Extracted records
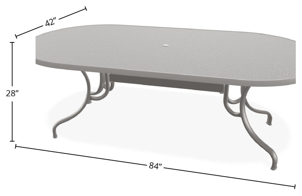 The Hammered Tabletop collection blends distinctive texture with lasting durability for any outdoor setting. Inspired by handcrafted metalwork, the table''s surface adds visual interest while complementing a range of styles. Built with marine-grade polymer, it''s designed to withstand the elements season after season. Thoughtfully designed with an integrated umbrella hole, these tables offer a seamless mix of practicality and style.Features:•  Overall product dimensions are 42" W x 84" D x 28" H•  Sturdy powder-coated aluminum legs designed for durable dining height support•  High-quality 100% stainless steel hardware•  Hammered table top design resists wear while adding texture•  Low-maintenance and easy to clean•  Available in multiple color variations•  Proudly made in the USA with over a century of craftsmanship since 1903Dimensions:Dining Table•  Assembled Product: 42 inches wide x 84 inches deep x 28 inches high•  Weight Capacity: 350 pounds
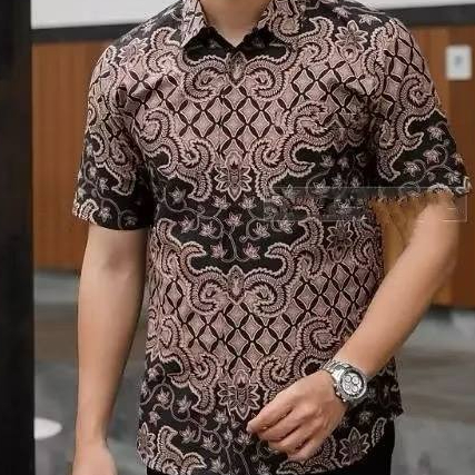 KEMEJA BATIK PRIA LENGAN PENDEK MOTIF TERBARU JALU HITAM
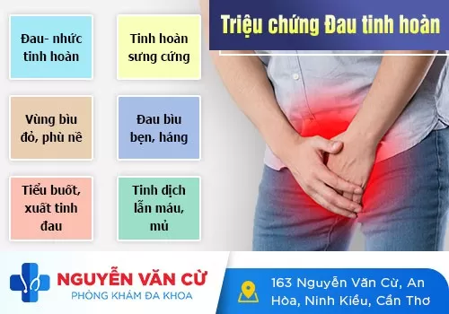Xuất hiện cảm giác đau tinh hoàn, sưng tấy, đau vùng bìu.
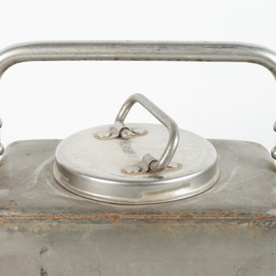 GRANDE-BRETAGNE - CANTINE en aluminium de forme rectangulaire à grande anse de transport rabattable, bouchon semblant hermétique, probablement pour constituer une réserve de lait ou d'eau, nombreuses inscriptions et références au-dessous dont 21C/1586 et AM sous couronne, environ 35 x 30 x 15 cm, Seconde Guerre Mondiale, BE/TBE.
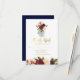 Cartes de réponse de mariage automnal élégant avec un fond blanc classique à l'avant et un fond bleu marine à l'arrière, les deux peuvent être changés en n'importe quelle couleur, un pot Mason rustique, une étiquette avec les initiales du couple, un affichage floral aquarelle burgundy élégant, rouge marsala et blush, et un modèle de réponse de mariage moderne.
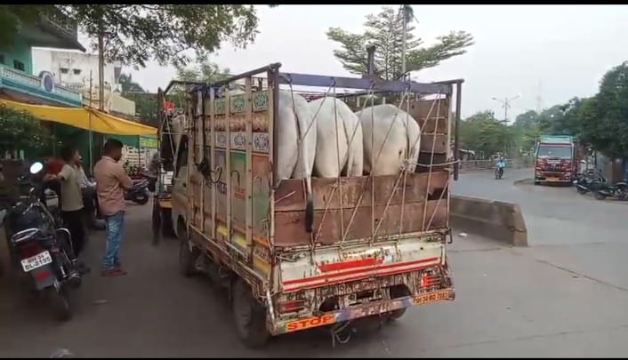 चंद्रपुर  जिले की बल्लारपुर पुलिस ने कत्तल के लिए ले जा रहे 4 गोवंश को मुक्त कराया और एक पिकअप वाहन समेत 3 लाख 50 हजार रुपये का माल जब्त किया है. वाहन चालक प्रतीक महेंद्र धंदरे (25) बामनी निवासी को गिरफ्तार किया है और संदीप यादव भगत सिंह वार्ड बल्लारपुर निवासी फरार हुआ है। सहायक फौजदार रमेश मेश्राम कल 28 मार्च की रात नौ बजे बल्लारपुर पुलिस स्टेशन में ड्यूटी पर थे, तब उन्हें गुप्त जानकारी मिली कि गोल पुलिया रोड से एक पिकअप वाहन में दो गाय व दो बछड़ों को कत्ल खाने ले जाया जा रहा है । इस आधार पर पुलिस अधिकारियों व कर्मचारियों के साथ गोल पूल के पास जाल बिछाकर पिकअप वाहन क्रमांक एमएच 34 बीजेड 1661 को रोककर जांच की गई तो उसमें 30 हजार रुपए कीमत की गोवंश नस्ल की 2 गायें और 20 हजार रुपए कीमत की 2 बछड़े मिले। पुलिस ने जब आरोपी प्रतीक महेंद्र धंदरे से आगे पूछताछ की तो संदीप यादव भगत सिंह वार्ड बल्लारपुर के पालतू दो गाय और दो बछड़ों को कत्तल के लिए चंद्रपुर ले जाया जा रहा है। इस आधार पर बल्लारपुर पुलिस ने आरोपियों के खिलाफ मामला दर्ज किया है. यह कार्रवाई बल्लारपुर के थानेदार श्याम गव्हाणे के मार्गदर्शन में की गयी. पुलिस उपनिरीक्षक सौरभ सालुंखे, सहायक फौजदार रमेश मेश्राम, पुलिस कांस्टेबल संदेश, सैनिक दर्शन आदि ने किया. बल्लारपुर शहर में बड़ी मात्रा में गोमांस बेचा जा रहा है और पुलिस विभाग इसे नजर अंदाज कर रहा है
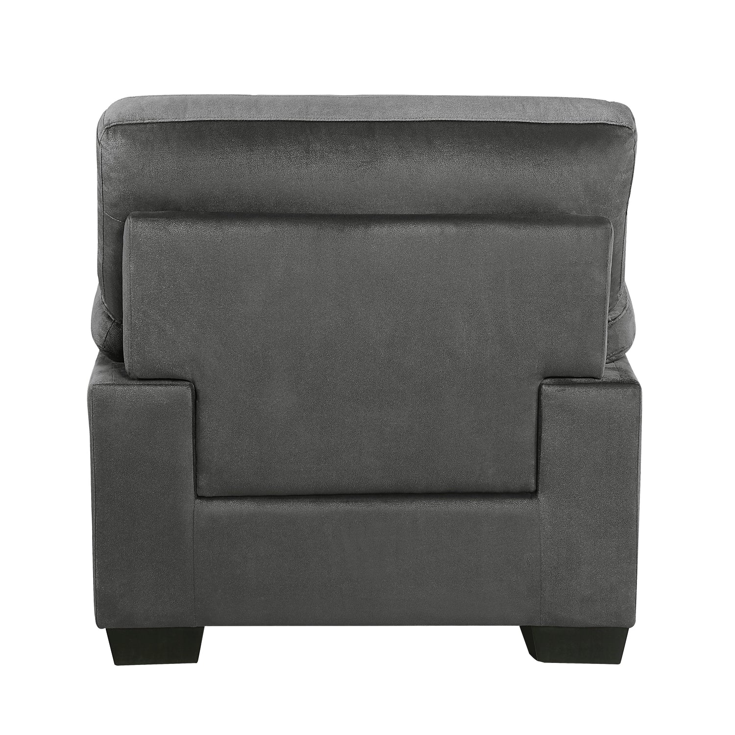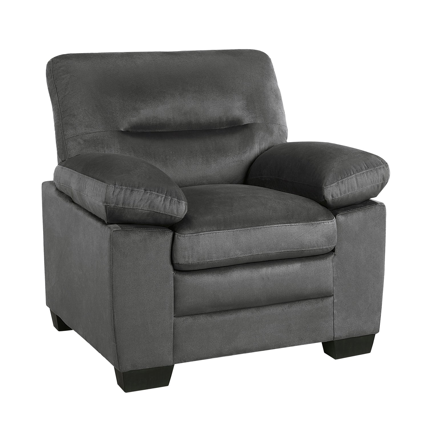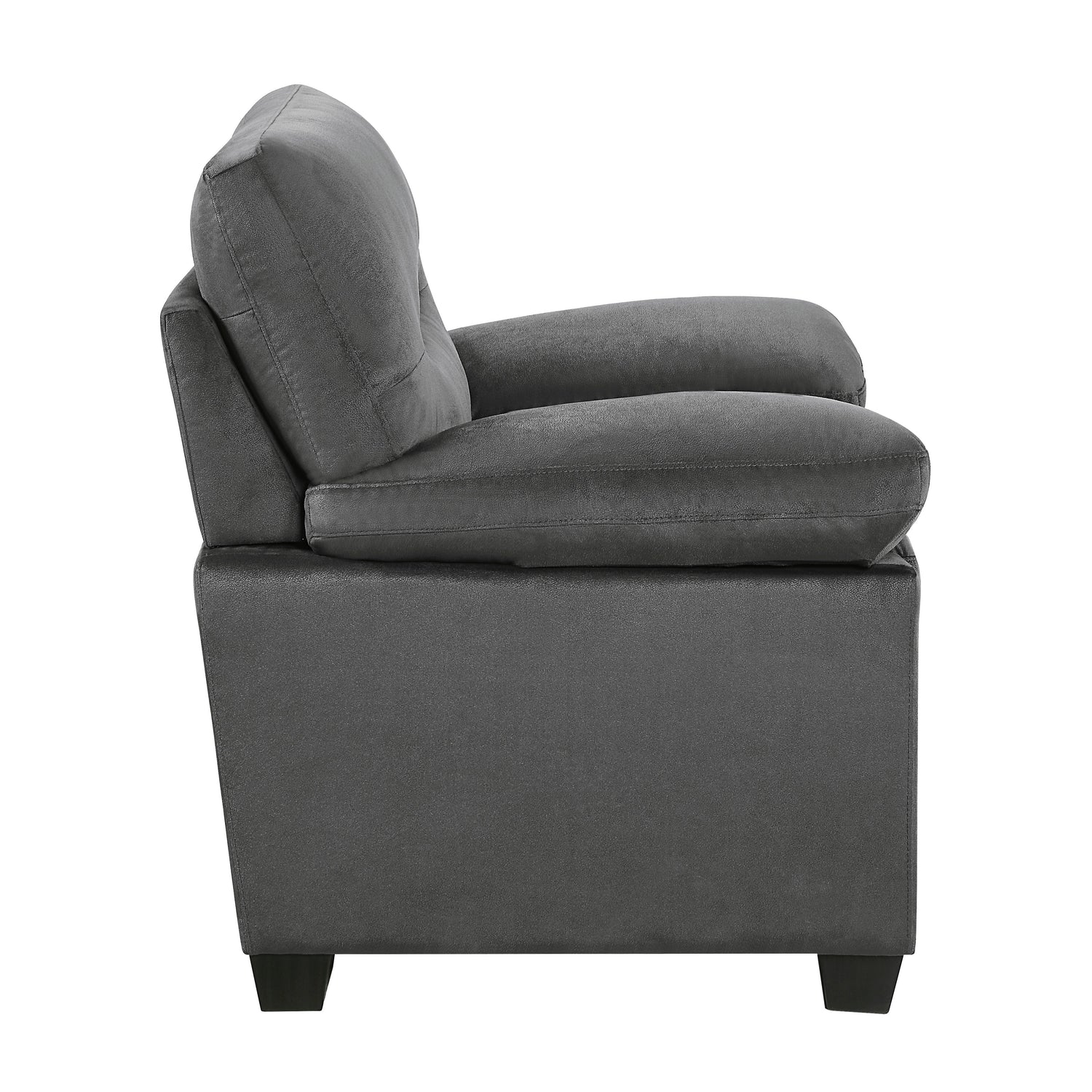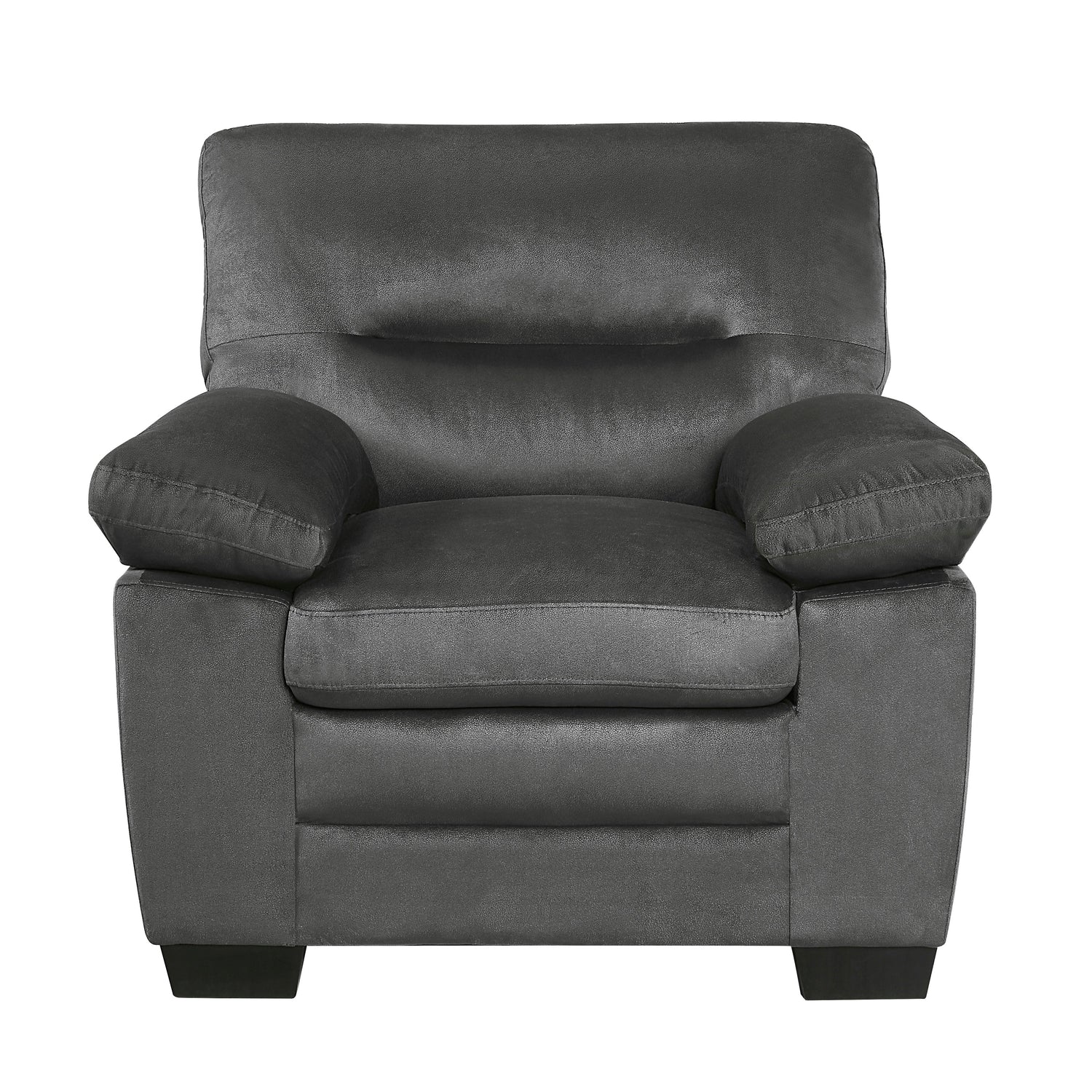 The sleek profile of the Keighly Collection will be the perfect complement to your modern living room. The chair features a dark gray fabric cover for the ultimate decorative versatility, while pillow-top arms and plush seating create a platform that is perfect for your comfortable seated relaxation.

TASK STATEMENT: Return only the lines running from the top of the data to the line that holds "Xuất hiện cảm". Include both of those lines, but skip the pictures.

SOLUTION FOR THIS PROBLEM:
 The Hammered Tabletop collection blends distinctive texture with lasting durability for any outdoor setting. Inspired by handcrafted metalwork, the table''s surface adds visual interest while complementing a range of styles. Built with marine-grade polymer, it''s designed to withstand the elements season after season. Thoughtfully designed with an integrated umbrella hole, these tables offer a seamless mix of practicality and style.Features:•  Overall product dimensions are 42" W x 84" D x 28" H•  Sturdy powder-coated aluminum legs designed for durable dining height support•  High-quality 100% stainless steel hardware•  Hammered table top design resists wear while adding texture•  Low-maintenance and easy to clean•  Available in multiple color variations•  Proudly made in the USA with over a century of craftsmanship since 1903Dimensions:Dining Table•  Assembled Product: 42 inches wide x 84 inches deep x 28 inches high•  Weight Capacity: 350 pounds
 KEMEJA BATIK PRIA LENGAN PENDEK MOTIF TERBARU JALU HITAM
Xuất hiện cảm giác đau tinh hoàn, sưng tấy, đau vùng bìu.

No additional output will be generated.